With any luck, for the first few years, your team is slow. This means your feeds will be well spaced-out, allotting a few minutes of rest between each feed. These are the golden years. Enjoy them. You are not rushing to each feed, you are only hoping your team will make the cut-off time.

But each year your team will gain speed and, in direct correlation, you will lose sleep. As the years pass, you reason that all you really need is 20 minutes of sleep to survive.

It usually happens at Alcona dam, just after daybreak. You will be so desperate and done at this point that you will knowingly risk the livelihood of your team as you recline your car seat ever so slightly.

You will set 5 alarms in the car for fear of oversleeping. You will ask another 5 feeders to come get you in 20 minutes. You will then close your eyes and have one pounding minute of deep, surreal, gorgeous sleep… before jerking awake at a moth landing on the windshield of a car two doors down. You will go into a full-blown panic before realizing you have 19 more minutes to sleep. You will repeat this 18 more times.

By year 10, well into your veteran years, you will realize it’s just easier to stay the hell awake.


You need no food.

You pack enough for dinner, breakfast and lunch, in that order. You also pack a late-night snack and a late-late-night snack. (You also count out enough drinks for a 15-hour stint in the car. But in the end, you will drink almost nothing. After one trip into the backwoods with Kleenex, you are determined to dehydrate for the rest of the event.)

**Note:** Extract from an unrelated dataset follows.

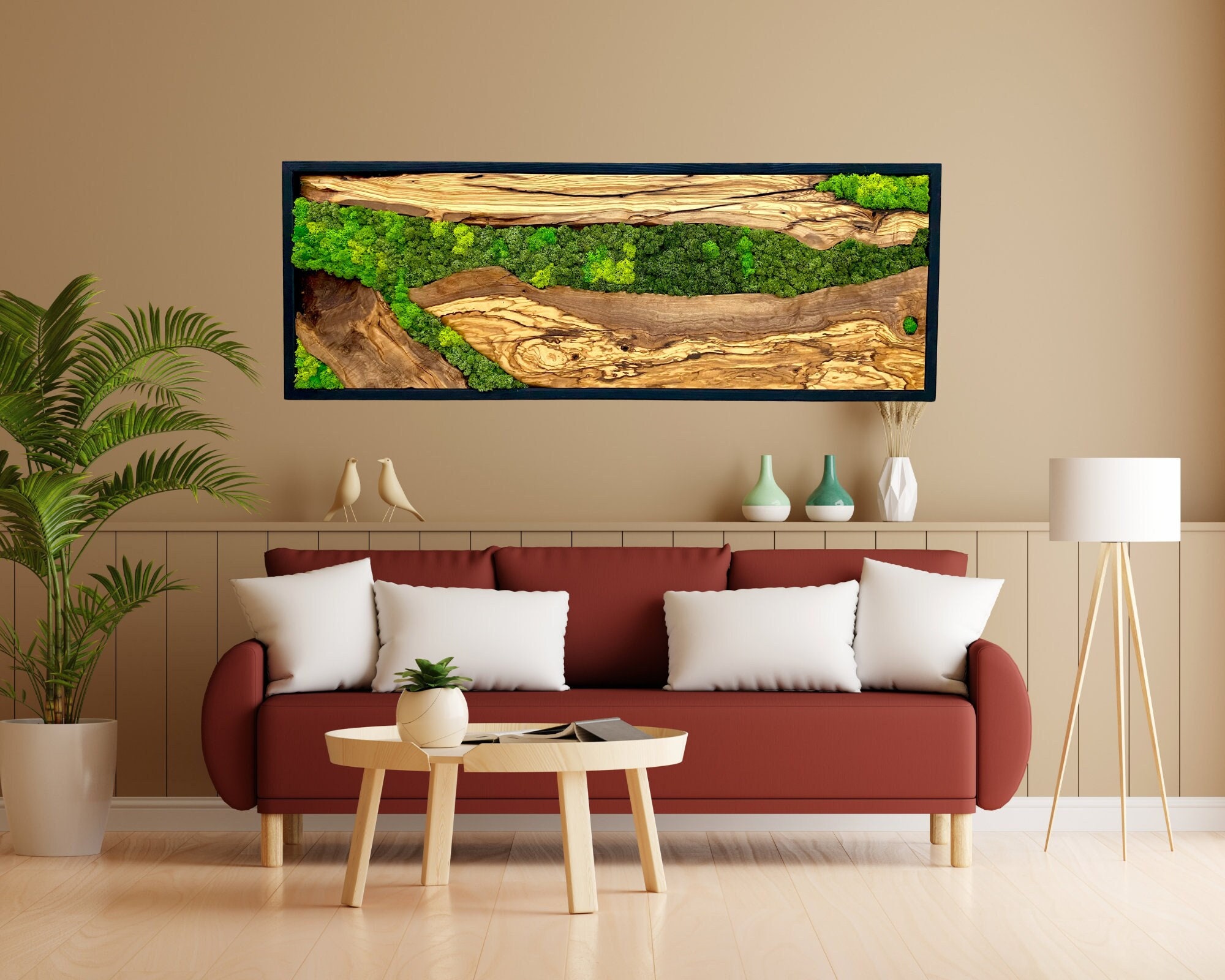 Preserved moss wall art needs no upkeep like watering, sunlight, or fertilizing. It stays the same size, just keep it away from sunlight, water and too much air.

At first you try to eat. You want to be in tip-top shape for the job at hand. But as the night wears on, you realize you have no appetite (robbed at each feed when things teeter between going very right and very wrong at every second). By 3 in the morning, you reason that you would never eat at 3 in the morning on a normal night, so why now? By 7 a.m., you force half a banana down. By 9 a.m., you realize you’re well on your way to the longest dieting stretch you’ve ever had. If you can tough it out another 6 hours, you’ve got the makings of a scale-detectable weight loss. Your appetite disappears altogether.

When your team finishes, it’s about 2 p.m. on Sunday. You come out of your stupor and realize the sun is shining, you’re starving and you would kill a man to sleep in his bed at that very instant.

But you hang on. It’s still another hour before the hotel check-in. You order a pizza. You sit in the parking lot of the hotel and you very, very slightly recline your seat. You wait for the pizza man. One more feed to go. Like a true lifer, you will not rest until the last job is done.